Supplied records Block Start

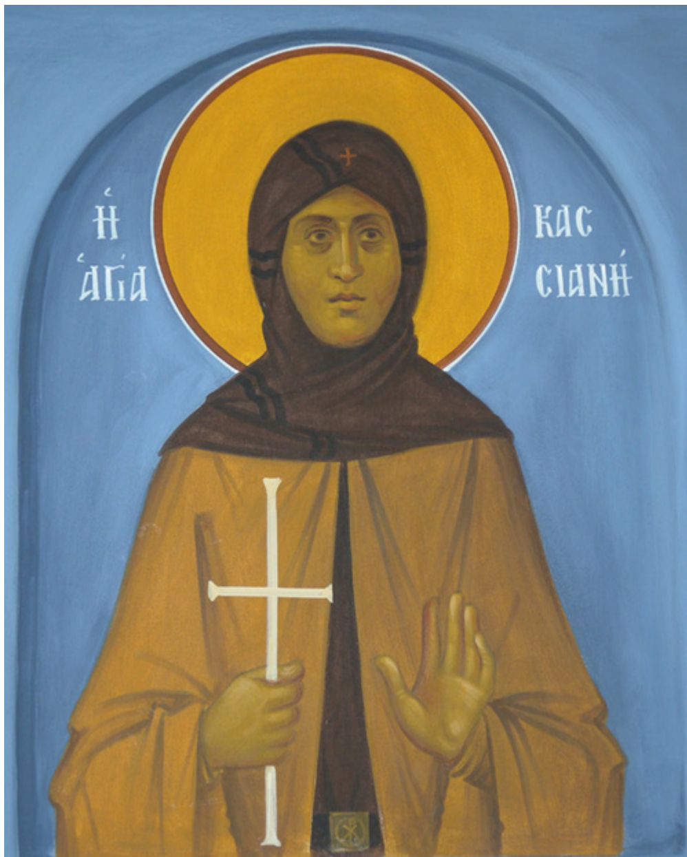
Οσία Κασσιανή – Ι. Ν. Οσίων Παρθενίου και Ευμενίου των εν Κουδουμά, δια χειρός Παναγιώτη Μόσχου (2006 μ.Χ.)
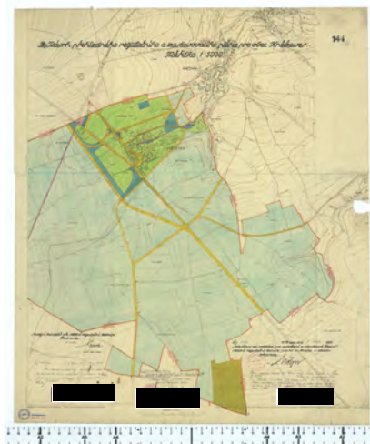
Rozměr (mm): 810x695
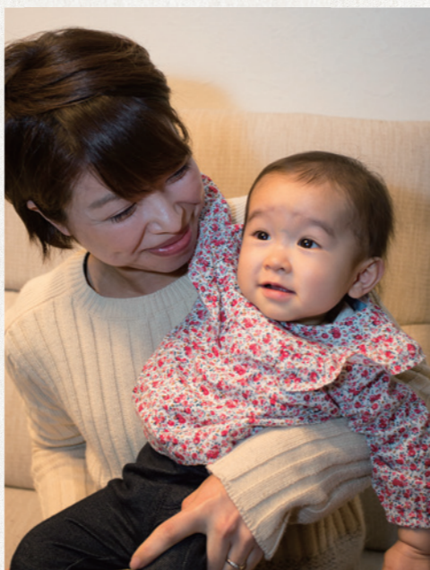
「リフォームで子育てもしやすくなりました!」
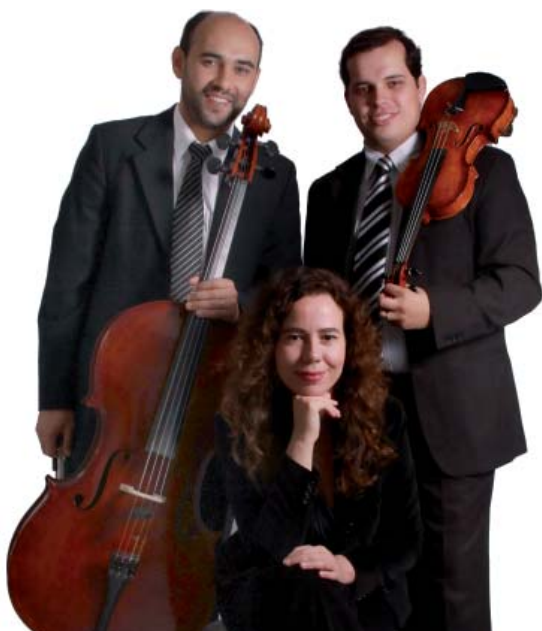
Musicum Trio: competição de música de câmara na Alemanha
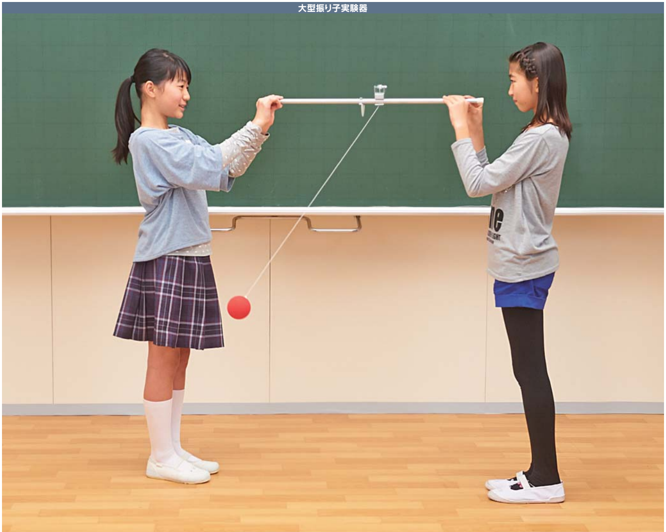
大型振り子実験器
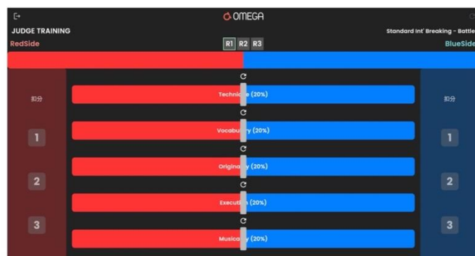
表 4. 霹靂舞裁判系統
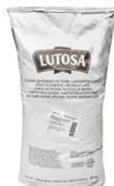
LUTOSA FIOCCHI DI PATATE 5 KG
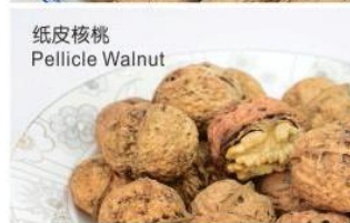
纸皮核桃 Pellicle Walnut
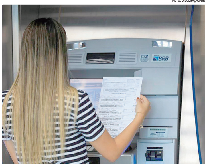
Nota obtida pelo GDF foi de 0,89 à frente de todos os estados do país

O resultado coloca o DF à frente de unidades federativas como Pernambuco, Espírito Santo e Minas Gerais, que também aparecem entre os mais bem avaliados. O levan-
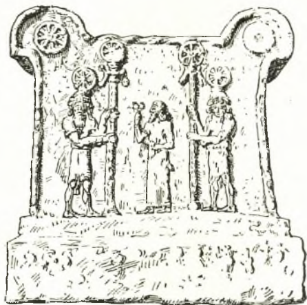
Εἰκ. 12. Βωμὸς μετ' ἀναγλύφων ἐξ Assour. Μουσεῖον Κωνσταντινουπόλεως.

Αἱ δύο σκηναὶ καὶ ἂν ἀκόμη σχετίζονται πως, ἐφ' ὅσον οἱ Mitanni ἦσαν ἱρανικὸς λαός, ὅπως καὶ οἱ Σασσανίδαι, χωρίζονται ἀπὸ πολλὰς ἑκατονταετηρίδας. Ἄλλ' ὥς
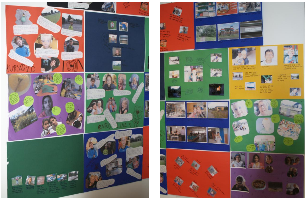
Eksempler på fotocollager lavet af børnene i SFO
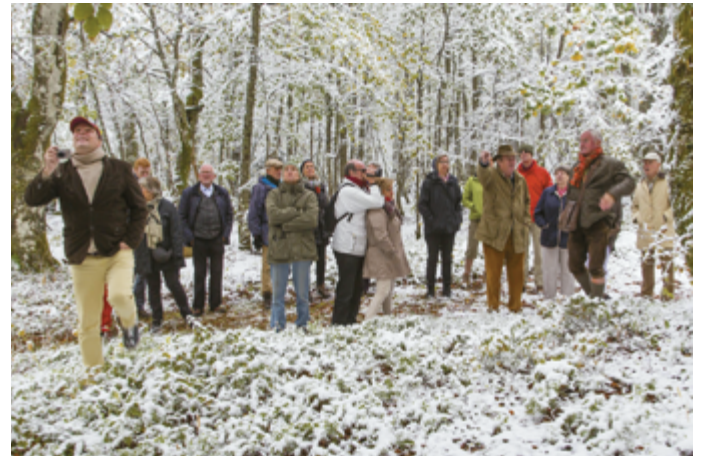
Die Exkursionsgruppe im Krüppelbuchenwald am Hohneck im Elsass im Oktober 2013

Auch Exkursionen, wie sie im Fach Geobotanik nötig sind, werden von der Sektion unterstützt. Dabei gibt es exotische Ziele wie Australien, Japan oder die kanarischen Inseln, aber auch die heimische Vegetation wird unter die Lupe genommen. Mitglieder der Sektion können an diesen
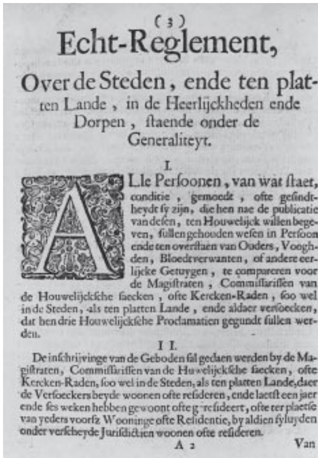
1. Begin van het Echt-reglement uit 1664.

Vanaf 1674 werden door de Staten de verbintenissen in een andere plaats gesloten, op straffe van nietigverklaring, expliciet verboden. 5
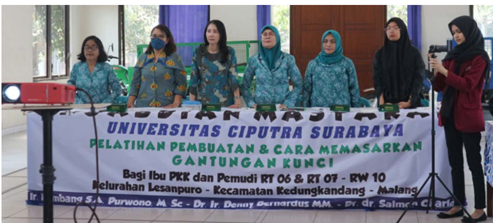
Gambar 6 Para Peserta Pelatihan pembuatan Gantungan Kunci
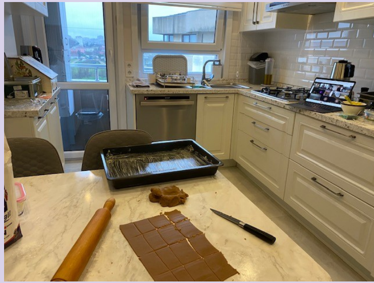
9h30 : photo 7
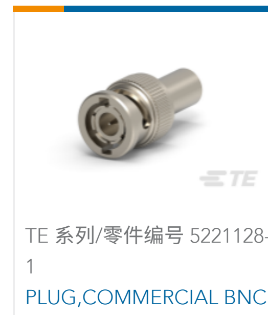
TE 系列/零件编号 5221128-1 PLUG,COMMERCIAL BNC
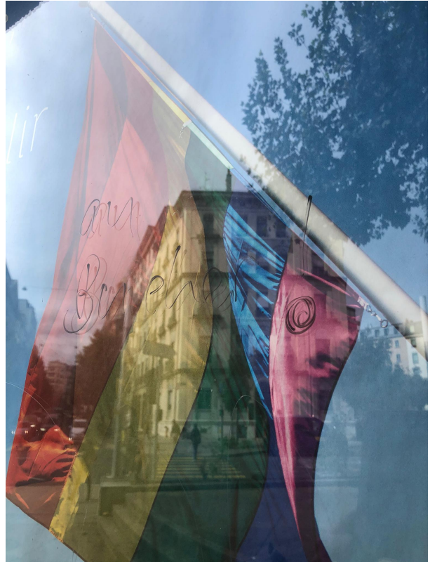
« Au bûcher »
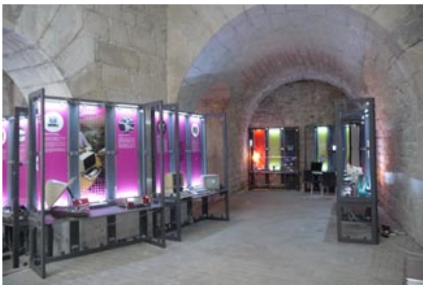
Exemple de modules d'exposition

Cette exposition s'attache en particulier à présenter l'histoire des outils dont l'homme s'est doté pour traiter l'information depuis le calcul sur les doigts jusqu'aux jeux et à l'utilisation des robots ; elle est par conséquent très adaptée à des visites pour les scolaires. Par l'actualité du thème et les supports, elle peut intéresser les élèves du cours moyen jusqu'au lycée ; chaque professeur est à même d'enrichir la visite avec son expérience selon le niveau concerné. Pour répondre à vos besoins, des idées d'ateliers peuvent vous être suggérées par l'association sur demande (voir p.9).
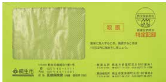
黄緑色の封筒で送ります

国民健康保険税（国保税）は、国民健康保険（国保）の運営を支える貴重な財源です。国保加入者が病気やけがをしたときの医療費や出産育児一時金、葬祭費などの費用は、皆さんに納めていただく国保税と、国・県・市の公費などで賄われています。
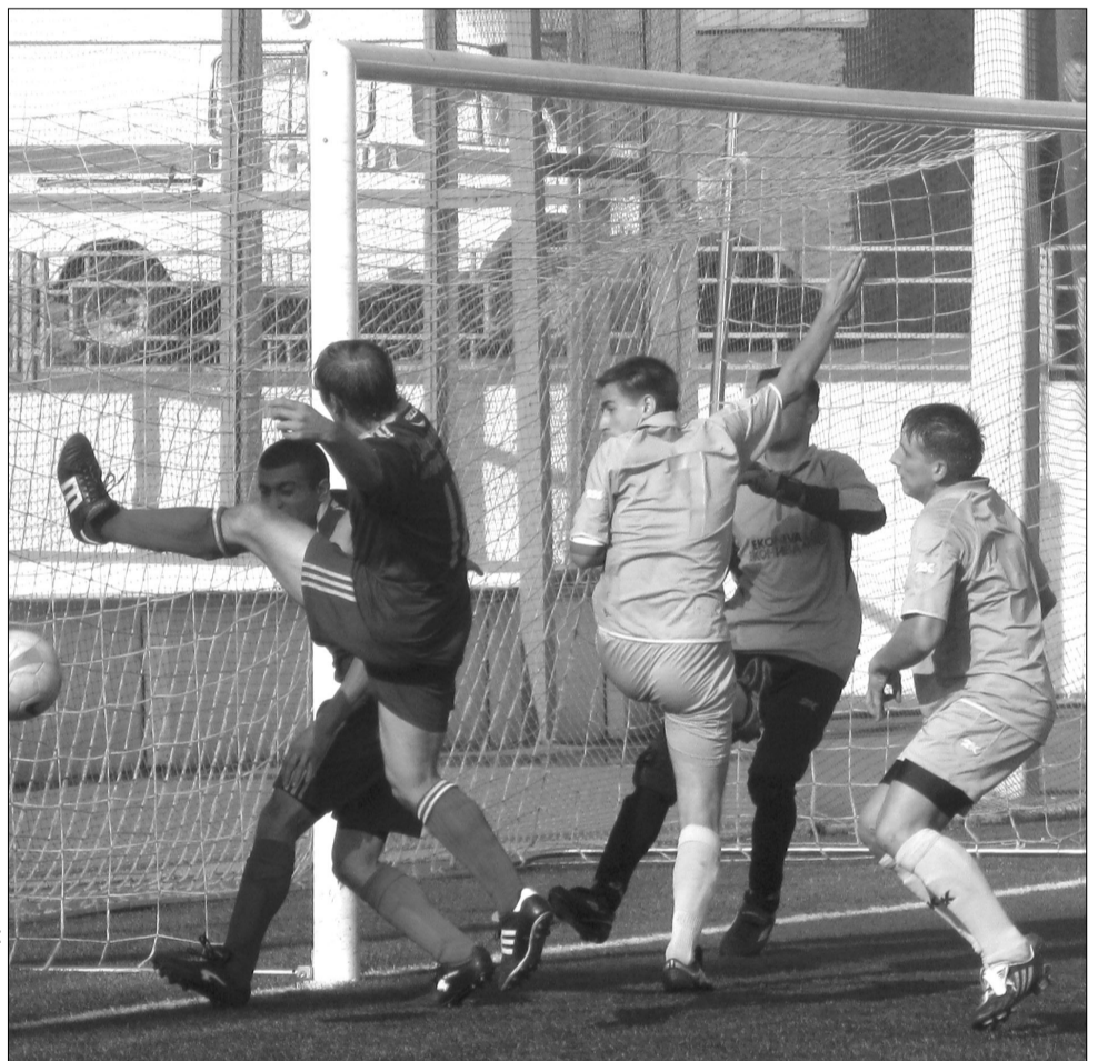
Футбольные баталии на «Восточном» продолжались три дня подряд
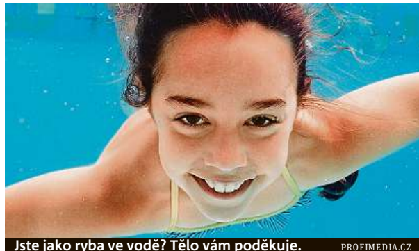
Jste jako ryba ve vodě? Tělo vám poděkuje.
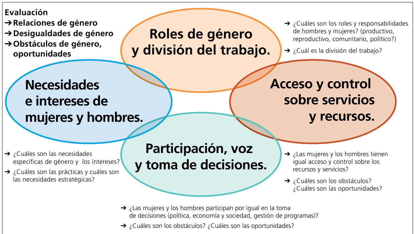
Figura 1: Los cuatro lentes de género.

quier contexto dado. El siguiente esquema y tabla proporcionan una descripción general de los cuatro lentes, los conceptos respectivos y las preguntas de investigación relacionadas.

Supplied records Block End

What to do: Restate word for word every line from the top of the entries above to the line with "Nota obtida pelo", inclusive, and skip any pictures.

Answer box:
Οσία Κασσιανή – Ι. Ν. Οσίων Παρθενίου και Ευμενίου των εν Κουδουμά, δια χειρός Παναγιώτη Μόσχου (2006 μ.Χ.)
Rozměr (mm): 810x695
「リフォームで子育てもしやすくなりました!」
Musicum Trio: competição de música de câmara na Alemanha
大型振り子実験器
表 4. 霹靂舞裁判系統
LUTOSA FIOCCHI DI PATATE 5 KG
纸皮核桃 Pellicle Walnut
Nota obtida pelo GDF foi de 0,89 à frente de todos os estados do país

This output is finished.